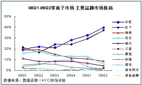 - 2009年上半年等離子市場長虹、鬆下市場占有率分別達35.4%、32.4%,二者合計達到67.8%
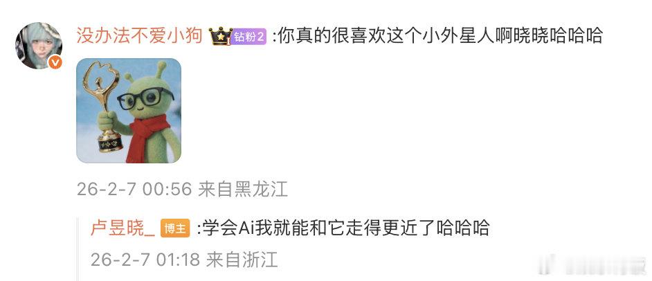 卢昱晓在内场不敢拿起手机卢昱晓为了表情包学会AI做图 为了“宠爱”小外星人表情包还学会了AI作图,被问到内场的look有没有更多美照,晓晓回复:“感觉像上课,不敢拿起手机” 可可爱爱!
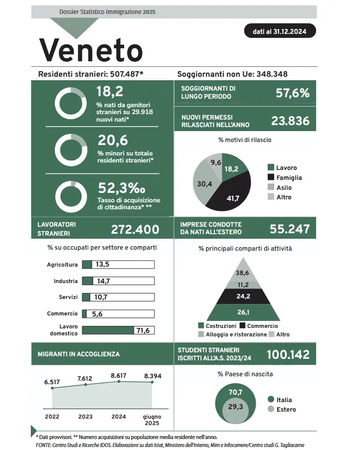 Il Veneto si conferma una delle principali regioni italiane per presenza di cittadini stranieri, ma i dati dell’ultimo Dossier Statistico Immigrazione 2025, realizzato dal Centro di studi e ricerche Idos, mostrano un quadro di rallentamento nella crescita demografica, accompagnato però da segnali positivi sul fronte occupazionale, imprenditoriale e dell’integrazione scolastica. Su tutto, colpisce la continua crescita dell'imprenditoria "immigrata", che incide per il 12% sul tessuto regionale.
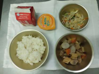 今日の給食は,麦ごはん・牛乳・豚肉と里芋のいため煮・もやしの煮びたし・みかんゼリーでした。もやしの煮びたしは,にんじんやだいこん葉も入っていました。しゃきしゃきとした歯ごたえが食欲をそそりました。
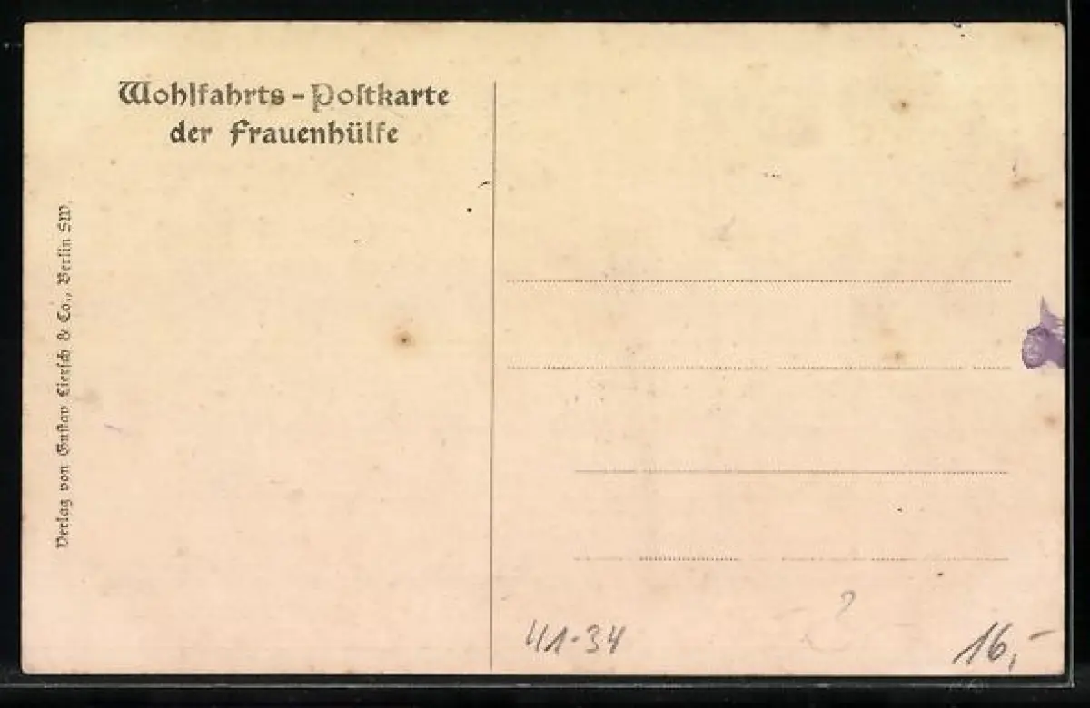 Personenbezogene Daten auf der Rückseite der Karte wurden durch blauen Textmarker unkenntlich gemacht. Die blauen Stellen sind auf die Vorderseite durchgeweicht und wirken sich negativ auf das Postkartenfoto aus

━━━━━━━━━━━━━━━━━━━━

§ WHAT TO PRODUCE: Everything in the entries above should be written out again exactly, except the images.

§ RESPONSE BELOW:
 - 2009年上半年等離子市場長虹、鬆下市場占有率分別達35.4%、32.4%,二者合計達到67.8%
 卢昱晓在内场不敢拿起手机卢昱晓为了表情包学会AI做图 为了“宠爱”小外星人表情包还学会了AI作图,被问到内场的look有没有更多美照,晓晓回复:“感觉像上课,不敢拿起手机” 可可爱爱!
 Il Veneto si conferma una delle principali regioni italiane per presenza di cittadini stranieri, ma i dati dell’ultimo Dossier Statistico Immigrazione 2025, realizzato dal Centro di studi e ricerche Idos, mostrano un quadro di rallentamento nella crescita demografica, accompagnato però da segnali positivi sul fronte occupazionale, imprenditoriale e dell’integrazione scolastica. Su tutto, colpisce la continua crescita dell'imprenditoria "immigrata", che incide per il 12% sul tessuto regionale.
 今日の給食は,麦ごはん・牛乳・豚肉と里芋のいため煮・もやしの煮びたし・みかんゼリーでした。もやしの煮びたしは,にんじんやだいこん葉も入っていました。しゃきしゃきとした歯ごたえが食欲をそそりました。
 Personenbezogene Daten auf der Rückseite der Karte wurden durch blauen Textmarker unkenntlich gemacht. Die blauen Stellen sind auf die Vorderseite durchgeweicht und wirken sich negativ auf das Postkartenfoto aus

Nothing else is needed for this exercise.